Myra continued by stating, I was the common denominator. I had invited these men into my life. My response to this statement was "fuck you bitch". She smiled knowing the only time I would ever make such a statement was when I saw the truth of it and had nowhere to go but to accept it.


There was always a solution masked as a suggestion. Knowing full well that there was no other option for me other than to take here advice and put it into action. Myra stated that I should stop dating until I understand what it is about me that is attracted to the same personality trait.


I am certain she did not mean for me to stop dating for such a long period of time. Yet over the years I became comfortable being alone becoming my own best friend. In the past 6 years since getting into the adult entertainment industry. My desire to meet someone has returned. The problem is sensory overload.


When I am approached on line or in the streets the amount of people that I meet forces me to withdraw. I spend more time alone now than I ever have in my life. Fear is at the root of it. I have been so out of practice that I no longer understand the rules of engagement.

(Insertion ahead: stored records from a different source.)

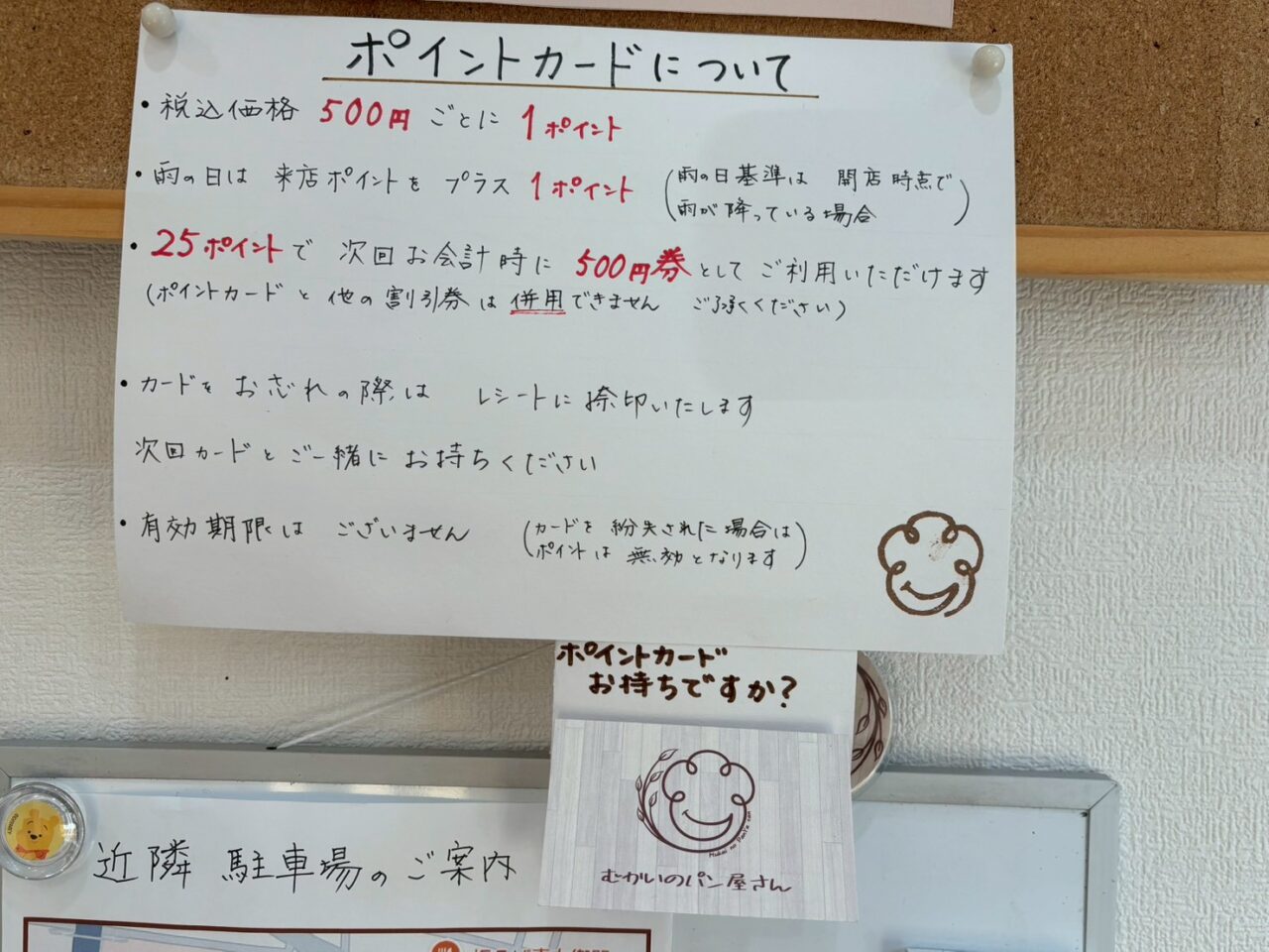 また、税込500円ごとに1ポイント貯まるカードは、25ポイントで500円券として利用可能。なんと、雨の日は来店ポイントがプラス1点という嬉しいサービスもあります!
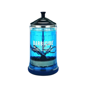 The Barbicide jar is specially designed to safely sanitize various work tools. This disinfectant tool is a must for hygiene and cleanliness in a professional working environment.
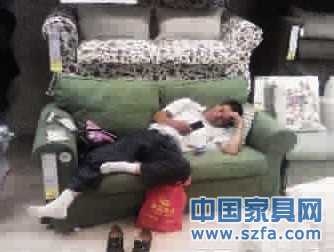 昨天下午,記者走訪(fǎng)了漕溪北路上的宜家商場(chǎng),沙發(fā)和臥具區(qū)都存在網(wǎng)友描述的現(xiàn)象。沙發(fā)區(qū)內(nèi),三四人或坐或躺,其中還有兩名顧客脫了鞋,橫躺在沙發(fā)上。臥具區(qū)內(nèi),顧客睡覺(jué)現(xiàn)象更為嚴(yán)重,從兒童到老人,似乎都抗拒不了柔軟的床帶來(lái)的誘惑。記者剛到場(chǎng)時(shí),就發(fā)現(xiàn)一名老人守著孩子睡在一張床上。一旁想買(mǎi)床的顧客只能望而卻步。
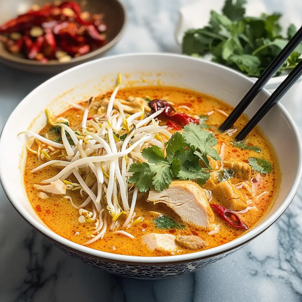 These Spicy Coconut Laksa Noodle Soup preparations are ideal for busy home cooks looking to save time during hectic weekdays! You can prepare the soup base and cook the chicken up to 24 hours in advance; simply refrigerate them in airtight containers to maintain freshness. The rice noodles can also be soaked ahead and stored, but they are best cooked just before serving to keep them from becoming mushy. When you’re ready to enjoy your laksa, simply reheat the soup base, add the noodles for a quick cook, and garnish with bean sprouts, cilantro, and red chilies. With these make-ahead tips, you’ll have a delicious meal ready with minimal effort on those busy nights!
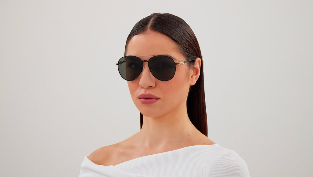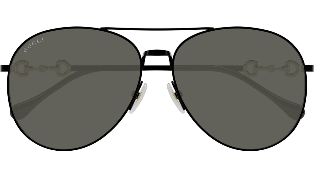 Occhiali da sole Gucci modello GG1698S linea Horsebit in metallo forma aviatore codice colore 001 nero lucido tinta unita con aste nero e lenti grigio tinta unita. Rivenditore autorizzato Gucci online. Gli occhiali vengono consegnati con custodia e accessori originali e sono coperti dalla garanzia ufficiale di 12 mesi del produttore.
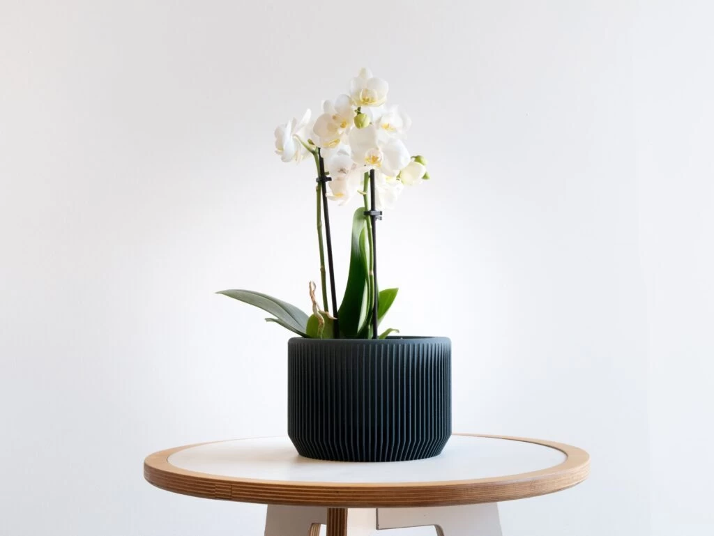 This plant pot is made of an organic and eco friendly material : a blend of recycled wood and bioplastic made from corn. Its composition makes the planter a sustainable piece !
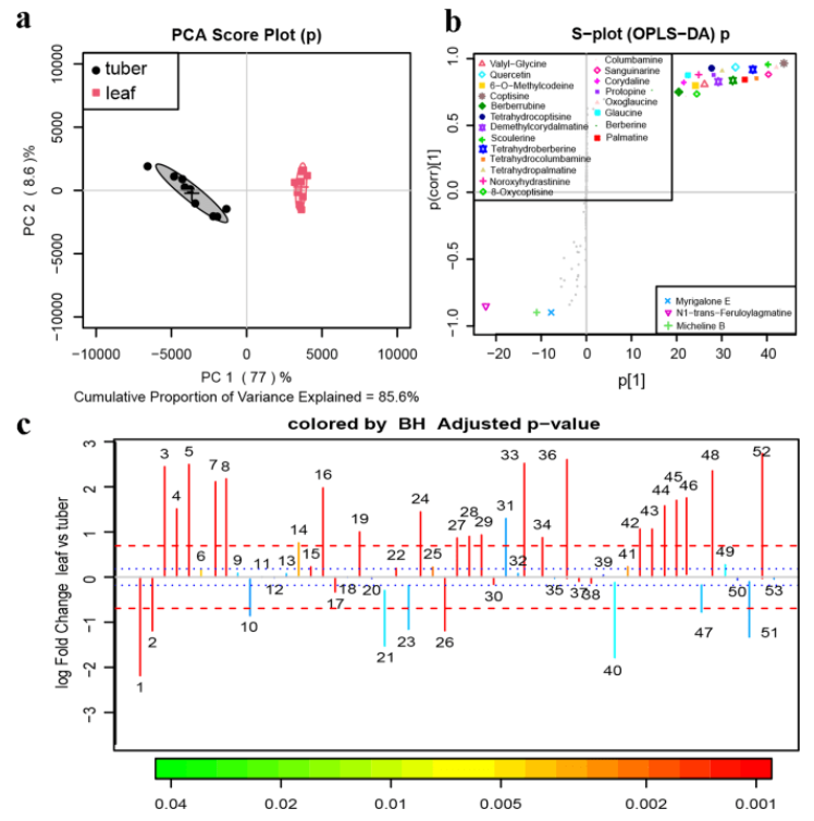 延胡索提取物的塊莖和葉組QTOF-MS數(shù)據(jù)的代謝組學(xué)多元分析
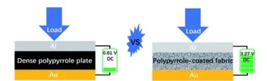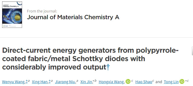 开云足球纺织科学与工程学院王闻宇副教授和林童教授课题组在纳米发电机直流发电集成化研究领域取得重要进展,相关成果以“Direct-current Energy Generators from Polypyrrole-coated Fabric/Metal Schottky Diodes with Considerably Improved Output”为题,发表在国际期刊《Journal of Materials Chemical A》(影响因子为11.3),王闻宇副教授与纺织科学与工程学院的博士生韩幸为该论文的共同第一作者。
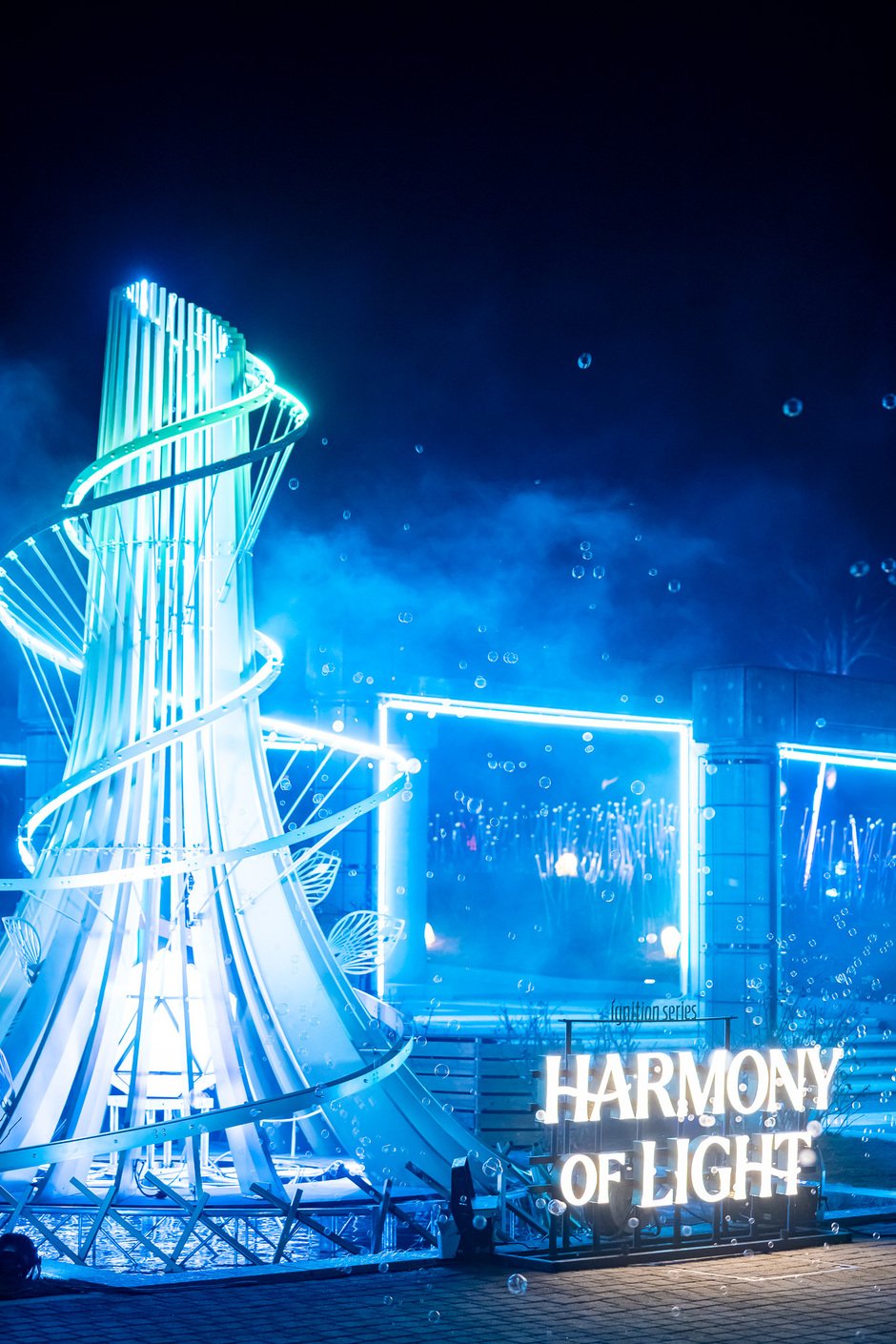 夜間の没入体験型イベント『HARMONY OF LIGHT』では、週末限定で「ナイトバブルタイム」をスタート。

Then there is the social media site. If you are trying to get my attention on a place like Facebook or twitter? It is likely to get lost in the sea of data. I have chatted with some amazing people online and even then I will lose track of them from the sheer  numbers of messages. Do you know how many Steve's, David's, Mike's there are?


I am single for now and open to the possibilities. With a true desire to meet a person that will share their life experiences with me. I need no other person than myself to be complete. This I learned from Myra, who lives in Austin Texas and that I have so much love and respect for. I do not think she knows how much of who I am today is based on the work many years ago in her office.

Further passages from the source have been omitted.